SPSTC: Rob Manfredi on ‘Trends Driving the Need for Solutions on SharePoint – Frontline Business Automation and How to Best Deliver Those Solutions’

Rob Manfredi presenting his SPSTCDC session, "'Trends Driving the Need for Solutions on SharePoint - Frontline Business Automation and How to Best Deliver Those Solutions"Rob Manfredi, Bamboo Solutions' Vice President of Sales, explained at the beginning of his SPSTC session Saturday morning that in his presentation he would be "trying to be Bamboo-agnostic" on the subject of delivering solutions on SharePoint.  Rob then cited Mike Tanner's whitepaper, Build vs. Buy: The Case for using Commercial Solution Frameworks to Extend Microsoft SharePoint, as being the source of much of the data he'd be sharing. 

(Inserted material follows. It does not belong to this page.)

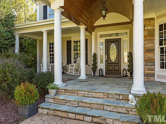 Custom built home, formerly in Parade of Homes sits on over an acre lot in Greythorne neighborhood of Raleigh. Eat in Kitchen w/recently refinished hrdwds, Carrera marble, 42" soft close cabinets, wine fridge, blt in double oven, large island, & pantry. 1st flr. Laundry w/utility sink & cabinets. Gas log fireplace in FR. Updated lighting throughout. Wrought iron spindles. 1st flr. Guest Rm w/full bath. Office. Formal DR. Mstr. w/sitting area. Surround sound in Bonus. Screened porch & patios.

Referencing SPSTC organizer Dux Raymond Sy, Rob borrowed a quote from him in defining the most important measure of SharePoint success as "delivering business value on SharePoint."  Although 40% of SharePoint deployments involve the development of custom programming, Rob reported that "Microsoft reiterated [their recommendation] at SPTechCon: out-of-the-box first, third-party apps second, custom programming third." 

Rob explained that barriers to successful SharePoint deployments include:  development time and effort to build custom apps; deployments that are technically more difficult than anticipated; and the plain fact that "SharePoint is difficult, and projects are going to take more time than planned."

Addressing the "why" of SharePoint, Rob discussed the contrast between apps and social media (from TomToms to Facebook) in workers' personal lives versus their work lives, saying "We're trying to be as powerful at work as we are in our personal life [with tools that lead to] better productivity," and "the promise of SharePoint is to quickly deliver apps and solutions to [empower workers] do their job better."  To this end, "SharePoint uniquely satisfies two important needs of frontline workers: to collaborate and negotiate in order to get their jobs done."

SharePoint and the notion of an enterprise app store is "directly connected to accomplishing front line work," said Rob.  Touching on the notion of end user adoption of SharePoint, Rob suggested that "If you provide meaningful solutions to your users, you're going to increase adoption."  Listing some common applications for SharePoint, Rob mentioned project management, case and request management, social apps, knowledge management, document management, and sales and marketing automation. 

Citing a recent AIIM survey, Rob said that "The reality is that almost half of all SharePoint customers lack a clear strategy."  Discussing some of the basic risks of custom development, Rob again cited the AIIM survey's findings that: estimates fail if development is not a core skill of your business (there is "an amazingly limited resource pool of SharePoint talent… and they're expensive"); costs will continue for the useful life of the project; 15% of all projects fail outright, and 51% are described as "challenged."   Rob's call to arms here was that we "not bring the typical project fail rate onto SharePoint."  To that end, he said that "the important thing is that whatever [third-party providers] deliver, we need to maintain the flexibility of that application, because SharePoint is changing." 

Rob then explained the concept of framework solutions as being "a new development paradigm not code we're trying to customize and configure."  Framework solutions are engineered to be "snapped together" so that individual Web Parts "go from [being puzzle] pieces to a whole picture … and the combinations are endless."  Rob then walked through a framework solution for case management by way of example. 

Referring back to the previously mentioned definition of SharePoint success, in conclusion, Rob stated that the cost savings and corporate value represented by third-party applications "allow you to devote more time to those things which differentiate you in the market, and make you more competitive."